Боль в руке означала, что надо существенно ограничить работу над ударом, поэтому я воспользовался моментом и стал работать над движением ног. Ответ пришел вместе с рекламной почтой: «Научитесь танцевать!»
«Танцевать, – подумал я, – как Мухаммед Али в Медисон-Сквер-Гарден».
«Танцевать, – подумал учитель танца, – как Поль Меркурио в «Танцзале». Каждый, кто ни разу не бывал в танцевальной студии, наверное, представляет толпу придурков, неумело шаркающих по полированному паркету под аккомпанемент визгливой королевы: «Медленно, медленно, быстро-быстро, медленно». На самом деле там собирается толпа придурков, неумело шаркающих по полированному паркету под аккомпанемент визгливой королевы: «Медленно, медленно, быстро-быстро, медленно».

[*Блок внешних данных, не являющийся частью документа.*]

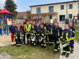 Die Freiwillige Feuerwehr führt regelmäßige Übungen an verschiedenen Standorten in der Gemeinde durch, um im Ernstfall entsprechend sicher handeln zu können. Dieses Mal stand die Mahliser Kita auf dem Plan. Aus sicherer Entfernung verfolgten die Kinder gespannt die Arbeit der Feuerwehrmänner und -frauen. Als dann noch der Wermsdorfer Rettungswagen um die Ecke bog, leuchteten die Kinderaugen noch größer. Jeder durfte einmal einen Blick ins Innere werfen und sich hinter das Steuer setzen. Ein aufregender Tag für alle!

Я пошел туда вместе с Ди, которая обожала танцевать. Для меня это была одна из тех неизбежных попыток наконец-то найти какой-нибудь общий интерес и «делать что-нибудь вместе». Несмотря на то что раньше я не мог уложить своих соперников по рингу на канаты, мне сразу же удалось раскидать всех своих партнерш по стенам. Это качество вместе со способностью замирать и бить не очень-то ценилось в мире танца. Я терял ритм, краснел, бурчал и ворчал, вальсировал с визгливой королевой и ненавидел танцы все больше и больше. Это было ужасной, потрясающей, страшнейшей ошибкой, но, по крайней мере, я был уверен, что меня здесь никто не знает. Вся эта история останется между мною и Ди. И вахтершей. Я не собирался писать об этом в журнале.